▶ [Aim of the task] It would help if you retyped the data exactly, leaving out the pictures.

▶ [Data to use]
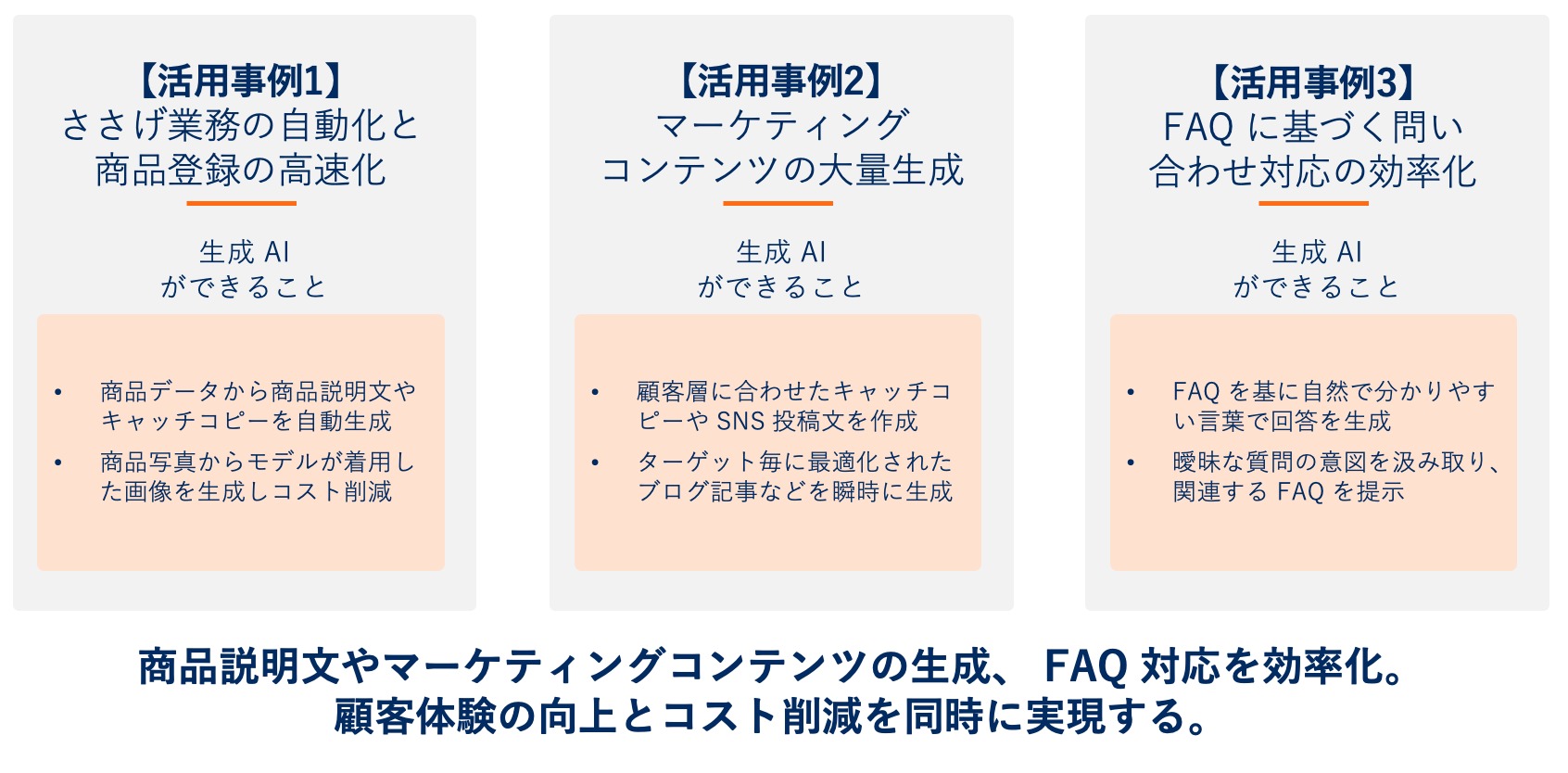 生成 AI は、 EC サイトの運営における様々な業務プロセスを効率化し、売上向上に貢献します。ここでは、代表的な3つの活用事例をご紹介します。
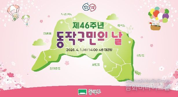 시민행정신문 이존영 기자 | 동작구가 오는 4월 1일, 제46주년 구민의 날을 맞아 ‘동작구민의 날 기념식’을 개최한다고 밝혔다.
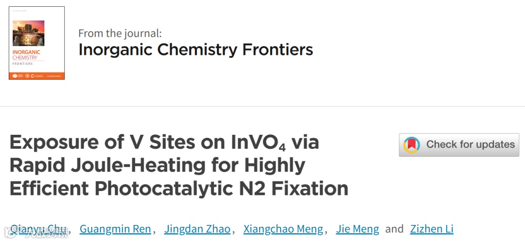 Qianyu Chu, Guangmin Ren, Jingdan Zhao, Xiangchao Meng, Jie Meng and Zizhen Li*. Exposure of V Sites on InVO₄ via Rapid Joule-Heating for Highly Efficient Photocatalytic N₂ Fixation. Inorg. Chem. Front., 2026.
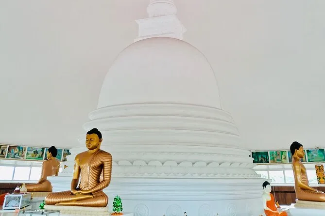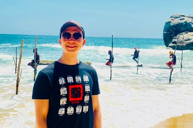 Lunch was right on Unawatuna Beach—plastic chairs in the sand, spicy curry that made my nose run (in a good way), waves crashing just meters away. We watched stilt fishermen balancing like tightrope walkers out in the surf; Sunil joked that I’d fall off in two seconds if I tried it myself. Maybe he’s right. On the way back we stopped at the Japanese Peace Pagoda—a little hush after all that color and noise—and just stood there watching evening clouds roll over Galle city. The drive home felt slower somehow.
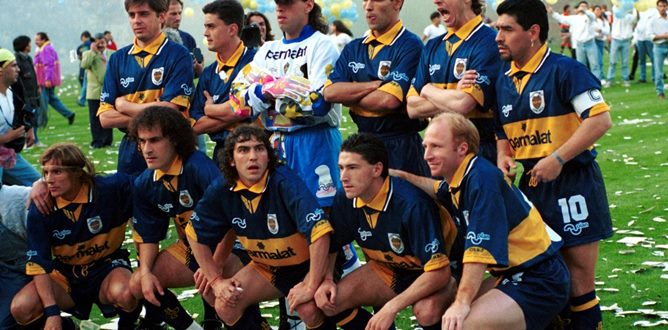 Diego fue el primero en aparecer por el túnel de la Bombonera.La pelota en su mano izquierda mientras se persignaba con la derecha. El mechón rubio. La camiseta azul y oro con detalles, el cuello piqué amarillo, el pantalón azul con bordes amarillos, la cinta blanca con la C de capitán y el auspicio entonces de Parmalat en la espalda, justo por arriba del número 10. Globos y humo a tono.
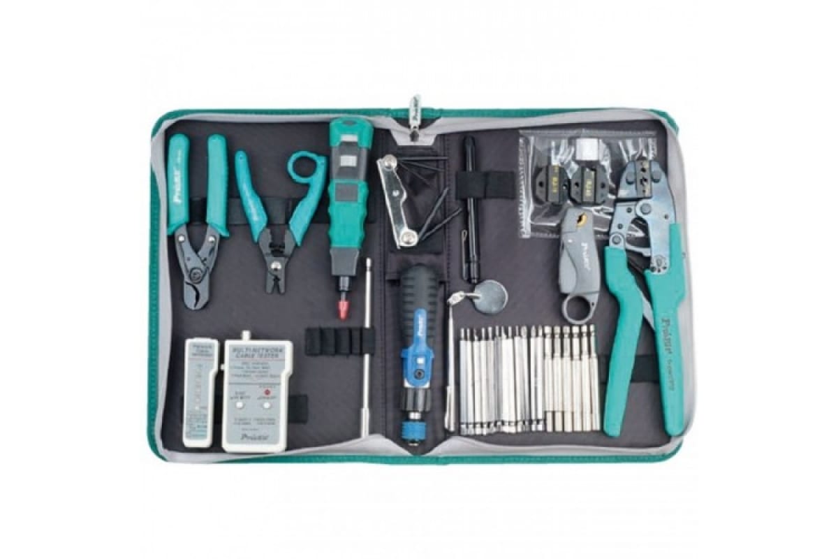 Набор инструмента для ПК ProsKit 1PK-936B 00093509 включает множество предметов для ремонта компьютерных сетей.

▶ [Response for this exercise]
 生成 AI は、 EC サイトの運営における様々な業務プロセスを効率化し、売上向上に貢献します。ここでは、代表的な3つの活用事例をご紹介します。
 시민행정신문 이존영 기자 | 동작구가 오는 4월 1일, 제46주년 구민의 날을 맞아 ‘동작구민의 날 기념식’을 개최한다고 밝혔다.
 Qianyu Chu, Guangmin Ren, Jingdan Zhao, Xiangchao Meng, Jie Meng and Zizhen Li*. Exposure of V Sites on InVO₄ via Rapid Joule-Heating for Highly Efficient Photocatalytic N₂ Fixation. Inorg. Chem. Front., 2026.
 Lunch was right on Unawatuna Beach—plastic chairs in the sand, spicy curry that made my nose run (in a good way), waves crashing just meters away. We watched stilt fishermen balancing like tightrope walkers out in the surf; Sunil joked that I’d fall off in two seconds if I tried it myself. Maybe he’s right. On the way back we stopped at the Japanese Peace Pagoda—a little hush after all that color and noise—and just stood there watching evening clouds roll over Galle city. The drive home felt slower somehow.
 Diego fue el primero en aparecer por el túnel de la Bombonera.La pelota en su mano izquierda mientras se persignaba con la derecha. El mechón rubio. La camiseta azul y oro con detalles, el cuello piqué amarillo, el pantalón azul con bordes amarillos, la cinta blanca con la C de capitán y el auspicio entonces de Parmalat en la espalda, justo por arriba del número 10. Globos y humo a tono.
 Набор инструмента для ПК ProsKit 1PK-936B 00093509 включает множество предметов для ремонта компьютерных сетей.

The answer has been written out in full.